The measure, which calls for a tougher assault weapons ban and restrictions on ammunition and the sale of guns, passed the Senate 43-18 on the strength of support from Democrats, many of whom previously sponsored bills that were once blocked by Republicans. The Democrat-led Assembly gaveled out before midnight and planned to take the issue up at 10 a.m. Tuesday. It is expected to pass easily.

The governor confirmed the proposal, previously worked out in closed session, also would mandate a police registry of assault weapons, grandfathering in assault weapons already in private hands.

It would create a more powerful tool to require the reporting of mentally ill people who say they intend to use a gun illegally and would address the unsafe storage of guns, the governor confirmed.

It was agreed upon exactly a month since the Sandy Hook Elementary School tragedy.

“It is well-balanced, it protects the Second Amendment,” said Senate Republican leader Dean Skelos of Long Island. “And there is no confiscation of weapons, which was at one time being considered.

“This is going to go after those who are bringing illegal guns into the state, who are slaughtering people in New York City,” Skelos said. “This is going to put people in jail and keep people in jail who shouldn’t be out on the street in the first place.”

Sen. Andrea Stewart-Cousins of Yonkers noted most bills had been pushed by Democrats in past years, but bottled up by Republicans.

“The Senate Democrats were proud to provide the votes to make this crucial package possible,” said Stewart-Cousins, leader of the traditional Democratic conference. “The fact is, the bills passed today should have been enacted a long time ago.”

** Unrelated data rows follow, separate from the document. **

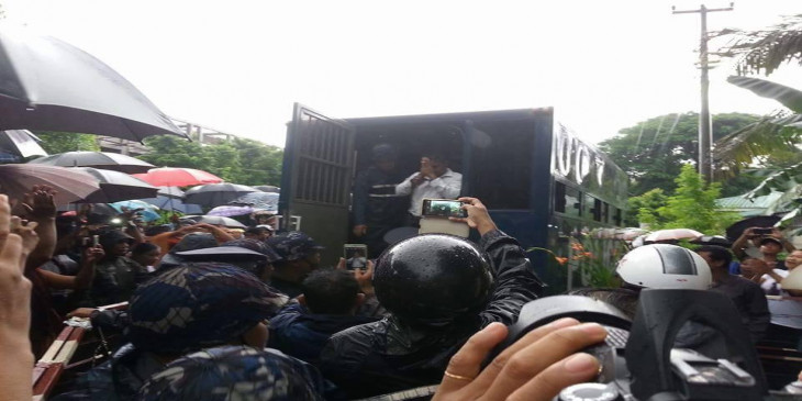 ဒီေန႔႐ုံးထုတ္ရာမွာ တခိ်ဳ႔က တရားခြင္ထဲလာေရာက္နားေထာင္သလို တခ်ိဳ႕က အျပင္ကေန ဦးခိုင္မ်ိဳးထြန္းကို လာေရာက္ အားေပးခဲ့ၾကပါတယ္။
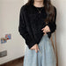 Hnewly Fuzzy Knit Top Women Pullover Long Sleeve Plain Crop Sweate Pink Fluffy Jumper for Women Teen-girl Fall Winter Y2K Outfit
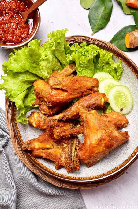 Fried Chicken | ["fried chicken","lettuce","cucumber","sambal sauce"] | ["chicken:300g","lettuce:50g","cucumber:50g","sauce:50g"] | |
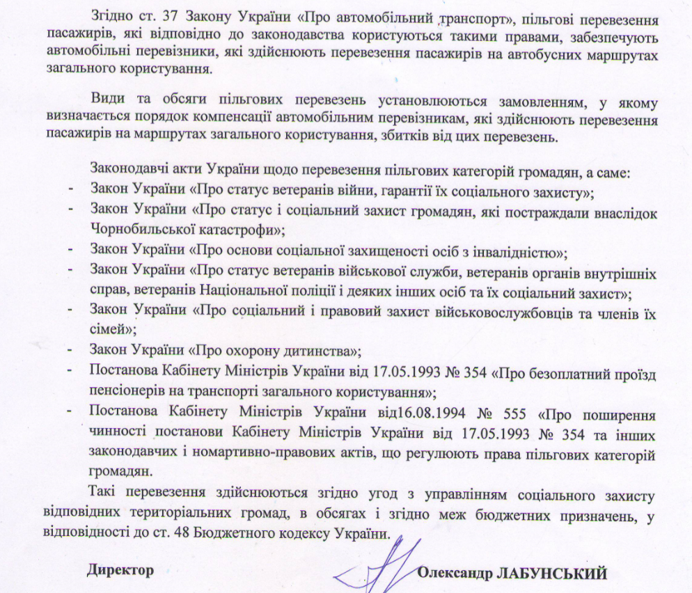 На що отримали відповідь із переліком законів, згідно з яких мають пільговий проїзд. Також в Ірпінському АТП зазначили, що види та обсяги пільгових перевезень установлюються замовленнями, що компенсують ці витрати.

Cuomo said he wanted quick action to avoid a run on assault weapons and ammunition as he tries to address what he estimates is about 1 million assault weapons in New York state.

Republican Sen. Greg Ball called that political opportunism in a rare criticism of the popular and powerful governor seen by his supporters as a possible candidate for president in 2016.

“We haven’t saved any lives tonight, except one: the political life of a governor who wants to be president,” said Ball who represents part of the Hudson Valley. “We have taken an entire category of firearms that are currently legal that are in the homes of law-abiding, tax paying citizens. … We are now turning those law-abiding citizens into criminals.”

Under current state law, assault weapons are defined by having two “military rifle” features spelled out in the law. The proposal would reduce that to one feature and include the popular pistol grip.